→ INPUT:

···

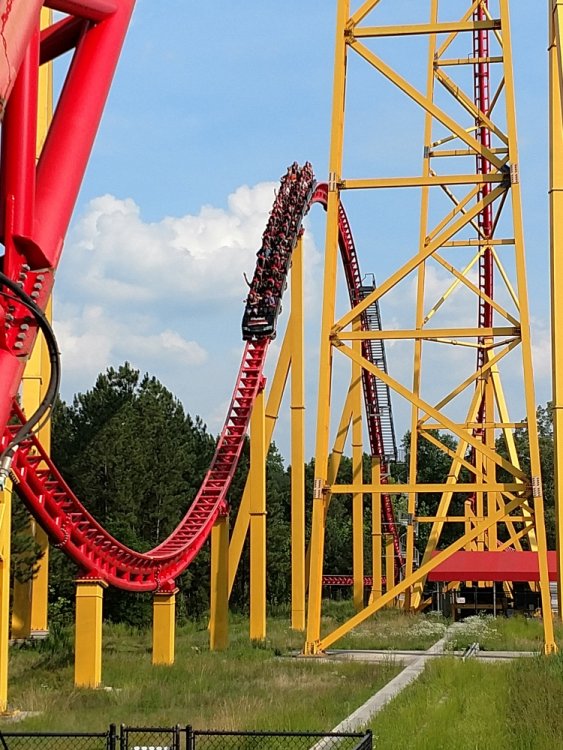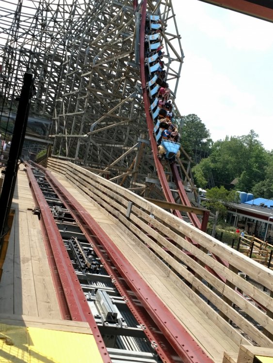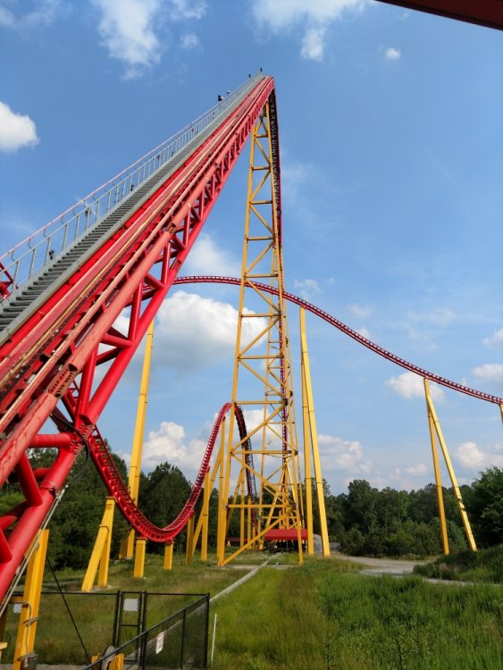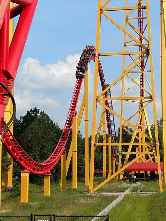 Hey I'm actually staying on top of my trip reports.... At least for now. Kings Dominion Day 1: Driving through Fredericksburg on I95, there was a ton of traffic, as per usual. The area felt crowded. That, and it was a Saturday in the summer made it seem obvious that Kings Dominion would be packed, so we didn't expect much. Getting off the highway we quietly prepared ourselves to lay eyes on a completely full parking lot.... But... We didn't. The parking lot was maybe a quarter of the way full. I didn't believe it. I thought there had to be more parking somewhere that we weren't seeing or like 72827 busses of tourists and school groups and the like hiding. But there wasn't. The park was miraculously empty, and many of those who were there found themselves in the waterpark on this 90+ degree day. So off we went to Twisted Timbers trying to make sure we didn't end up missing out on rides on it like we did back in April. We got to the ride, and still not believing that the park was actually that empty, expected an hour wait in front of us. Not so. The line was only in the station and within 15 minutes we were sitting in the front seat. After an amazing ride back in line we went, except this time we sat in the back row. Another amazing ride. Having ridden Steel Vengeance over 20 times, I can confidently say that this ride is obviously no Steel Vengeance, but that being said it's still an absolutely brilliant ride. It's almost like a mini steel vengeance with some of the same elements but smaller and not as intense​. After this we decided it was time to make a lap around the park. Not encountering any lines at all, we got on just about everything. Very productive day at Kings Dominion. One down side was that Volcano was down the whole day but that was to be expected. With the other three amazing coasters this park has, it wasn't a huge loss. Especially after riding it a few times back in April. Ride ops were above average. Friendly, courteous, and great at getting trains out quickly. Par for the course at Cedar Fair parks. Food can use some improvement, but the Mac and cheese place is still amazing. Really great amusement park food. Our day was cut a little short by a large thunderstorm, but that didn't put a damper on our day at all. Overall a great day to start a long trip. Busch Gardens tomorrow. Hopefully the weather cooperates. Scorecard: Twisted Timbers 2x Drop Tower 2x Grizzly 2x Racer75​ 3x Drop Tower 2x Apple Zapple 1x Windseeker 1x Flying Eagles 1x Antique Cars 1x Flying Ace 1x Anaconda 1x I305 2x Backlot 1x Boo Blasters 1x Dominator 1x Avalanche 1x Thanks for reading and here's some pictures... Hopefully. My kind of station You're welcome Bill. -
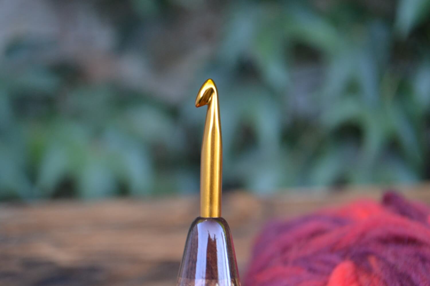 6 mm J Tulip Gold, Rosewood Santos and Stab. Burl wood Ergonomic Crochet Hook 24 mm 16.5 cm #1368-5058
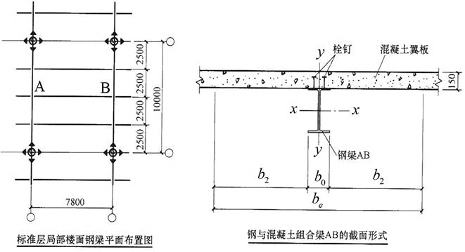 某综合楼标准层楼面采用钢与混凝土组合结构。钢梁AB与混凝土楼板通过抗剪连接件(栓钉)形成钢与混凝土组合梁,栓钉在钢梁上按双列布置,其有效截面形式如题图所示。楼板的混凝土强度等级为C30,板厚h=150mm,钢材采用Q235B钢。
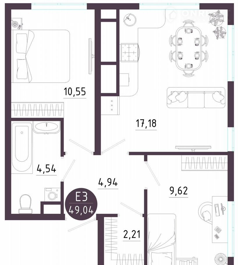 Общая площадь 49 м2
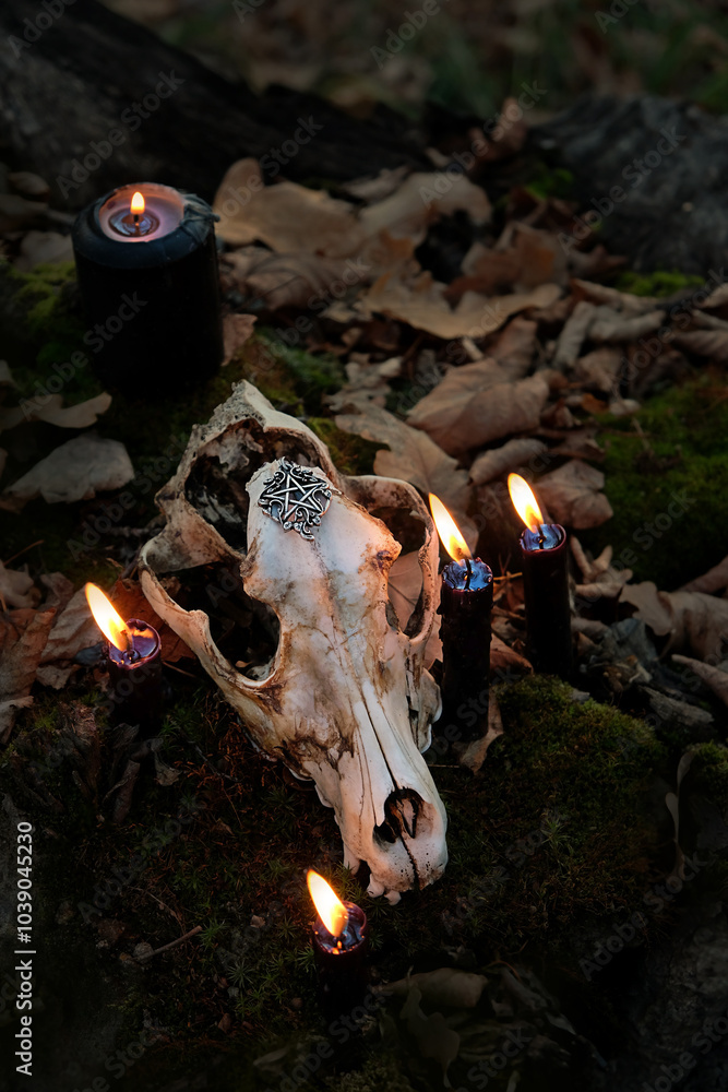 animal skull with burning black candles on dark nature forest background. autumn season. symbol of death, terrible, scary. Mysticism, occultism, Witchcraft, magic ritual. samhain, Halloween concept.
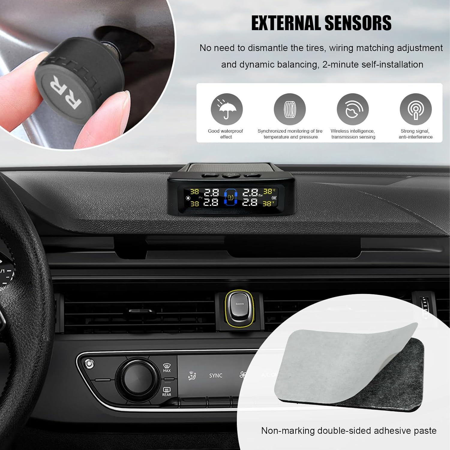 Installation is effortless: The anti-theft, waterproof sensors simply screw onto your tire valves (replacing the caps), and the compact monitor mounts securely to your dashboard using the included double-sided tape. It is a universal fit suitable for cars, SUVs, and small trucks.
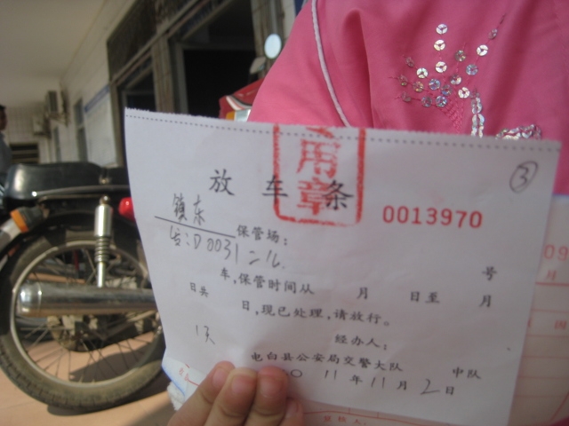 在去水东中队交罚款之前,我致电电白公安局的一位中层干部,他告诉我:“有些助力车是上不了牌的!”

···

→ WHAT YOU SHOULD DO: All lines from the one containing "Общая площадь 49 м2" to the last line of the records above, and no others, should be returned unchanged, without pictures.

→ TASK RESPONSE:
 Общая площадь 49 м2
 animal skull with burning black candles on dark nature forest background. autumn season. symbol of death, terrible, scary. Mysticism, occultism, Witchcraft, magic ritual. samhain, Halloween concept.
 Installation is effortless: The anti-theft, waterproof sensors simply screw onto your tire valves (replacing the caps), and the compact monitor mounts securely to your dashboard using the included double-sided tape. It is a universal fit suitable for cars, SUVs, and small trucks.
 在去水东中队交罚款之前,我致电电白公安局的一位中层干部,他告诉我:“有些助力车是上不了牌的!”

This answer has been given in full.